Surprisingly on i586, only matrix_vector_product fails:

[  765s] 48/68 Test #48: matrix_vector_product ............***Failed    0.00 sec
[  765s] Running 1 test case...
[  765s] /home/abuild/rpmbuild/BUILD/espresso/src/utils/tests/matrix_vector_product.cpp(36): [1;31;49merror: in "inner_product": difference{4.31155e-17} between result[i]{30.900000000000002} and boost::inner_product(matrix[i], vector, 0.0){30.900000000000002} exceeds 2.22045e-16%[0;39;49m
[  765s] /home/abuild/rpmbuild/BUILD/espresso/src/utils/tests/matrix_vector_product.cpp(36): [1;31;49merror: in "inner_product": difference{8.41875e-17} between result[i]{73.849999999999994} and boost::inner_product(matrix[i], vector, 0.0){73.849999999999994} exceeds 2.22045e-16%[0;39;49m
[  765s] /home/abuild/rpmbuild/BUILD/espresso/src/utils/tests/matrix_vector_product.cpp(36): [1;31;49merror: in "inner_product": difference{7.41993e-17} between result[i]{341.15000000000003} and boost::inner_product(matrix[i], vector, 0.0){341.15000000000003} exceeds 2.22045e-16%[0;39;49m
[  765s] 
[  765s] [1;31;49m*** 3 failures are detected in the test module "matrix_vector_product test"
[  765s] [0;39;49m
[  765s] 

Details here

junghans commented 4 years ago

@mcepl saved us from OpenSUSE removal.

RudolfWeeber commented 4 years ago

Regarding

 [ 1116s] 135/145 Test #131: lb_momentum_conservation ..........................***Failed    2.53 sec
[ 1116s] Traceback (most recent call last):
[ 1116s]   File "/home/abuild/rpmbuild/BUILD/espresso/build/testsuite/python/lb_momentum_conservation.py", line 40, in <module>
[ 1116s]     class Momentum(object):
[ 1116s]   File "/home/abuild/rpmbuild/BUILD/espresso/build/testsuite/python/lb_momentum_conservation.py", line 48, in Momentum
[ 1116s]     system = espressomd.System(box_l=[BOX_SIZE] * 3)
[ 1116s]   File "system.pyx", line 149, in espressomd.system.System.__init__
[ 1116s]   File "collision_detection.pyx", line 53, in espressomd.collision_detection.CollisionDetection.__init__
[ 1116s]   File "script_interface.pyx", line 297, in espressomd.script_interface.ScriptInterfaceHelper.__init__
[ 1116s]   File "script_interface.pyx", line 78, in espressomd.script_interface.PScriptInterface.__init__
[ 1116s] IndexError: _Map_base::at

I have no idea. The trace seems to be incomplete. To my understanding, no map lookup happens at PScriptinterface.get_sip().
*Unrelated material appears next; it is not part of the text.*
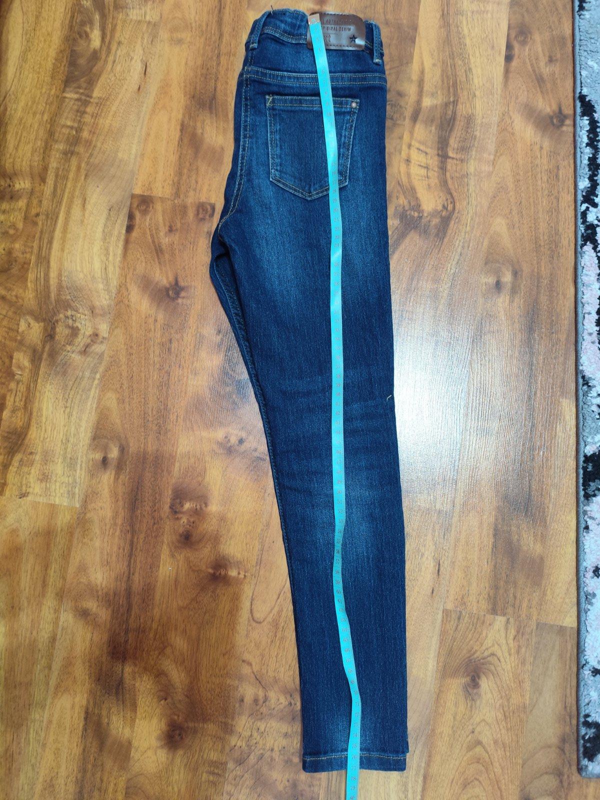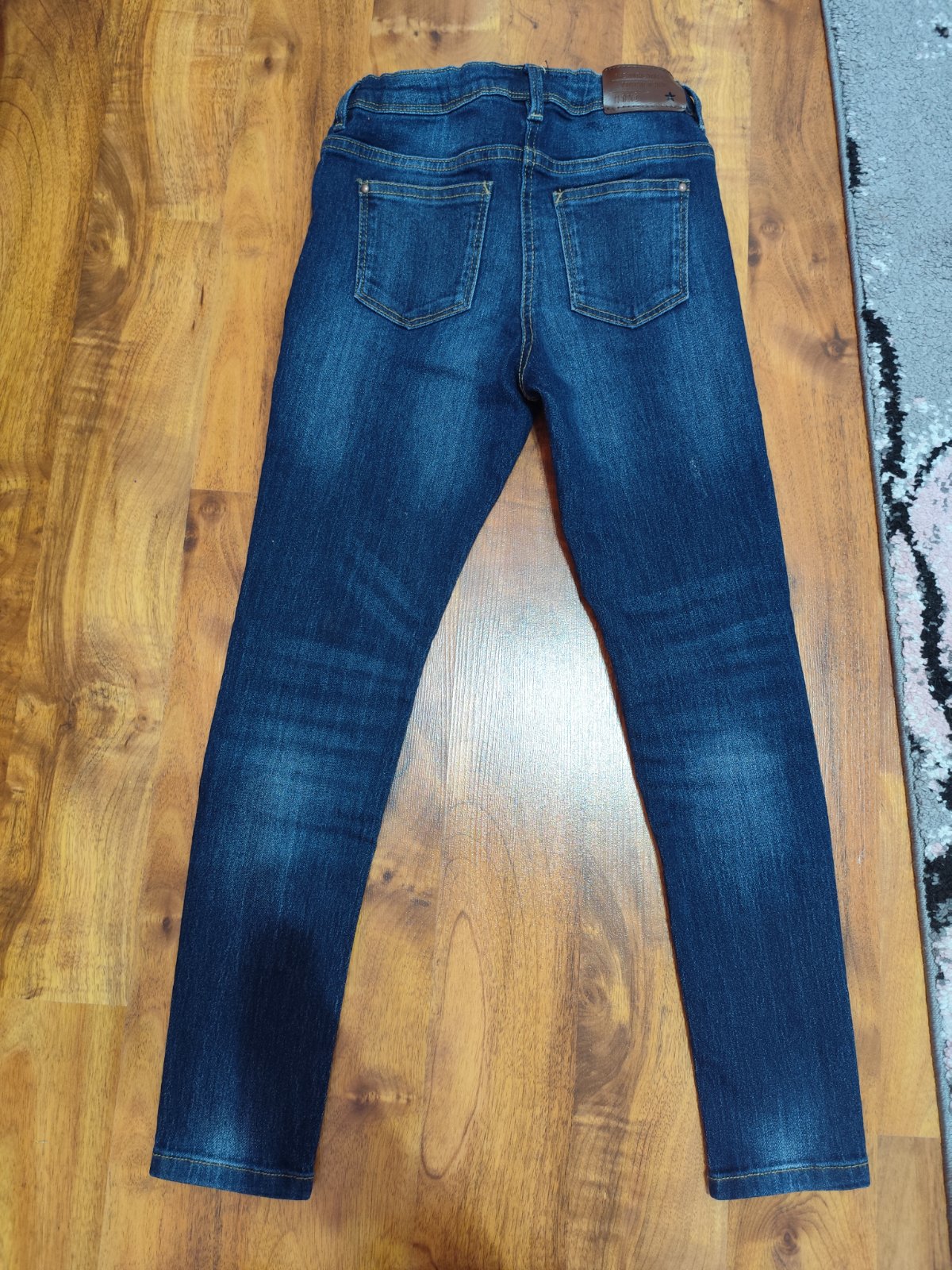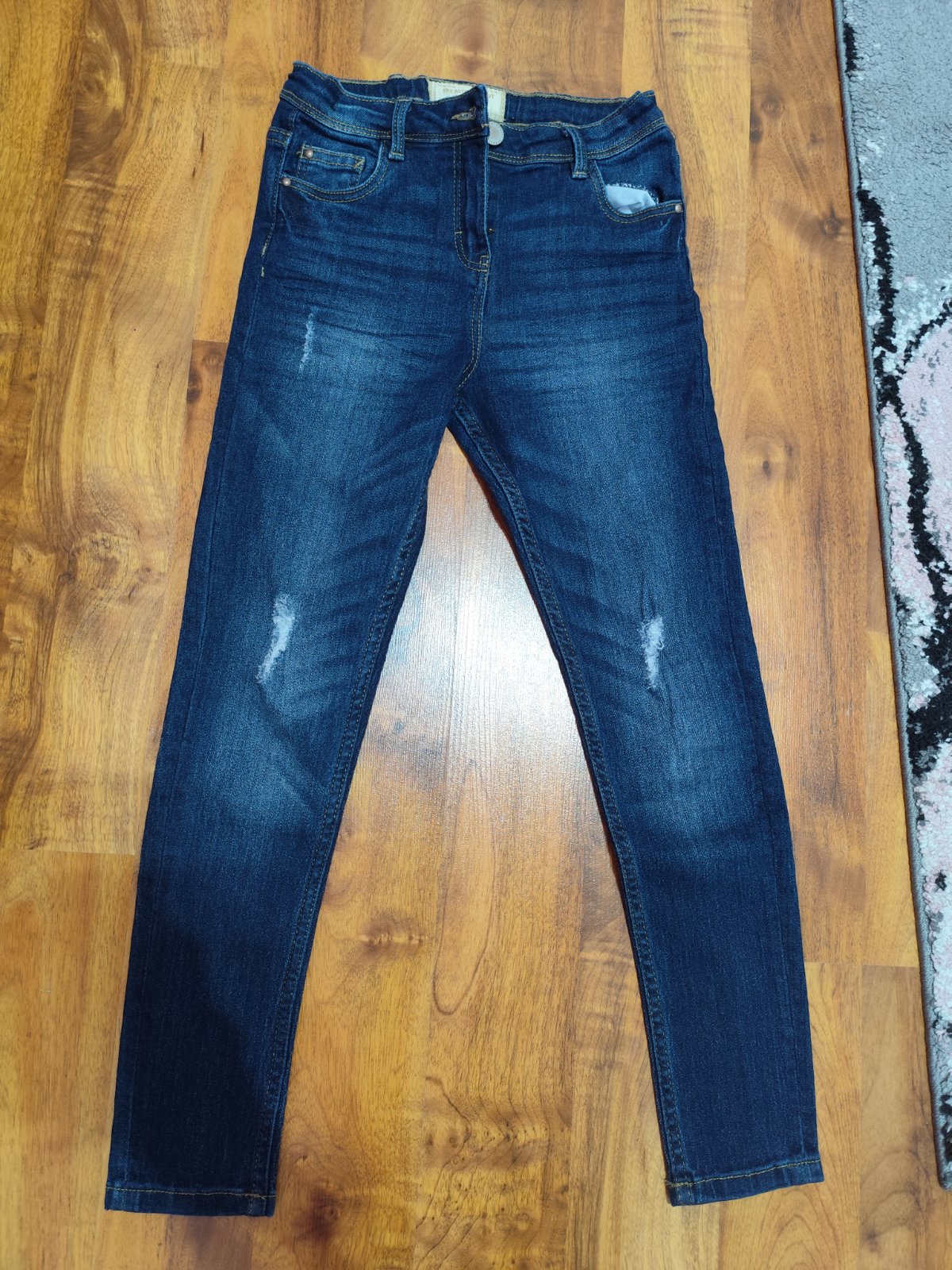 Krásne tmavomodré rifle zn.Next.Sú elastické, nesprané, nestihli sme vynosiť, dcérka preferovala leginy.Preto posúvame ďalej.V páse majú posuvnú gumičku na upravenie pásu..Dlžka:81cm,pás 32cm.

In case you can interact with (or download and install) the resulting build, could you please run

./pypresso
import espressomd.script_interface
and check whether CollisionDetection::CollisionDetection is in the 
script_interface._python_class_by_so_name dict?
It also needs to be determined, whether the script interface class for collision detection is registered in src/scriptinterface/collision_detection/initialize.cpp.
The only reason I can imagine for this not to happen is inconsistent cached versions between config.hpp and  myconfig.pxi. The latter contains the definition of active features for Python/Cython.
Could you re-run this in a clean (uncached) environment?

Surprisingly on i586, only matrix_vector_product fails:

With regards to

[ 765s] 48/68 Test #48: matrix_vector_product ............***Failed 0.00 sec [ 765s] Running 1 test case... [ 765s] /home/abuild/rpmbuild/BUILD/espresso/src/utils/tests/matrix_vector_product.cpp(36): [1;31;49merror: in "inner_product": difference{4.31155e-17} between result[i]{30.900000000000002} and boost::inner_product(matrix[i], vector, 0.0){30.900000000000002} exceeds 2.22045e-16%[0;39;49m


I don’t think there is a guarantee that the difference will be only once std::numeric_limits<double>::epsilon for calculations involving several operations.
I think we can just increase the tolerance by a factor of 5 for the vector and matrix_vector tests in src/utils/tests
fweik commented 4 years ago

This looks more like a linker/shared object problem. The exception is raised because an unknown class name is encountered by the factory, which lives in global static memory. In the place where the exception is raised the access is from a different shared object than in all the other cases (where it works). I can maybe have a look next week. The question is also how urgent this is, because some of the relevant code is also up for replacement, so the problem could also go away by itself given some time.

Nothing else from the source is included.